# Trying to build homemade hydroponic system



## CT7537 (Oct 5, 2006)

Im thinking about trying to grow marijuana using a hdyroponic system. My freinds tried it once with a hdyoponic system they bought that consisted of a bucket with a top and 4 holes for pots, pumps, nutrients, timers, and a light. I would like to build one also, but I would like to homemake it. I have learned that you can use rubbermaid tubs, which I have. However, I have one. Would one tub work for a basic hydroponic system? Im not really sure what all I would need. I know that I would need a water pump and some hoses, I could find those at walmart or any hardware store I suppose. Im not really clear on how to put it together to make it work correctly, and im not really sure on the lighting. They used a light that cost about 90 dollars and it wasnt a flourescent. Would a flourescent light work better with an indoor hydroponic system. Also, what types of seeds or marijuana strain would work best with an indoor hydroponic system? I know that these are alot of quesitons but I would like to know how to get started without have to buy a book. Any help is appreciated.
Thanks.


----------



## yogi dc (Oct 6, 2006)

yes you can use a rubber tub. i have a simailar system going right now and having great resuilts. no, you do not need a water pump all you need is and air pump, air stones, lights and nutes. take a look at my grow.  http://www.marijuanapassion.com/forum/showthread.php?t=5627 good luck if you have any Q just PM me. later


----------



## Stoney Bud (Oct 6, 2006)

Hey CT7537,
You don't need to buy a book, even though that would help you a lot.

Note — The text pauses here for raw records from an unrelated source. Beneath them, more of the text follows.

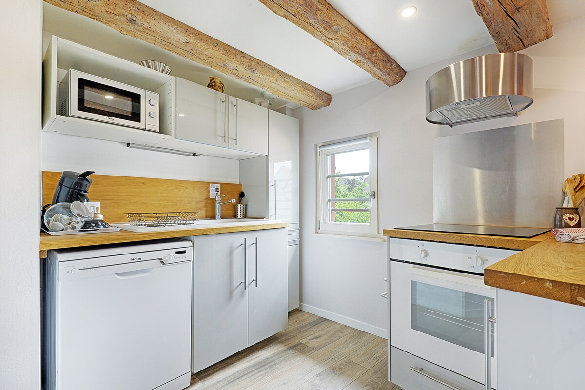 Privatni smještaj na drugom spratu alzaške kuće u istorijskom srcu jednog od omiljenih sela Francuza. Šarmantan apartman, potpuno renoviran, koji se sastoji od spavaće sobe sa bračnim krevetom, kupatila sa tuš kabinom i toaletom, svetle dnevne sobe sa opremljenom kuhinjom, kaučem na razvlačenje koji služi kao treći krevet. Na balkonu s pogledom na selo i bedeme Stan nije prilagođen posebnim potrebama za osobe s invaliditetom
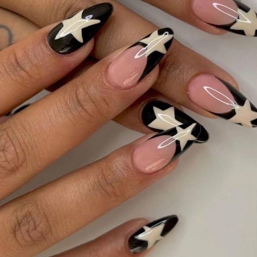 Siyah zemin üzerine yıldız desenleri içeren takma tırnak , şık bir görünüm sağlar .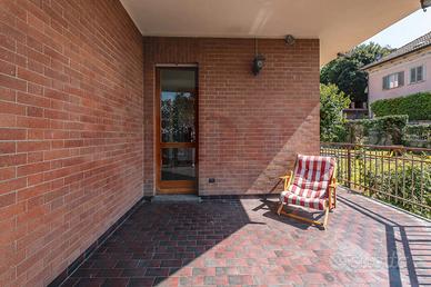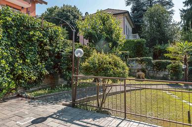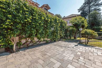 La villa è circondata dal giardino dai due lati, accessibile anche attraverso il terrazzo della cucina, e da un cortile pavimentato dal lato dell'ingresso.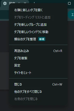 この機能では、タブを右クリックすることで、類似したタブを「タブグループ」としてまとめることができます。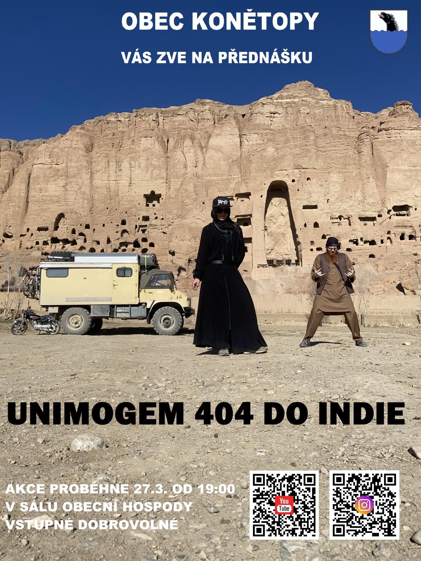 Obec Konětopy Vás zve na přednášku "UNIMOGEM 404 do INDIE" 27.3-2026 od 19 hodin na sále OH Konětopy, vstupné dobrovolné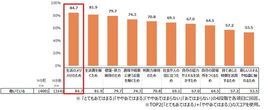 働いている人に、人生の中で「働くこと」の理由を尋ねたところ、「生活のメリハリのため」が84.7%で1位となった。2位には「生活費を稼ぐため」(81.9%)が続き、働く人は生活費を稼ぐ以上に生活のメリハリを重視していることが分かった。

If you just go to the "General Indoor Growing" area of this forum and read, read, and read some more, you'd have most of your questions answered for you. Growing MJ isn't something you can learn in a week. You'll need to do some serious learning first.

Here's a link of most of it in one post made by the owner of this site:

Click here for Growing Guides

And here's a link to the DIY section where you can learn to build several types of growing systems:

Click Here for the DIY area


----------



## Wes (Oct 6, 2006)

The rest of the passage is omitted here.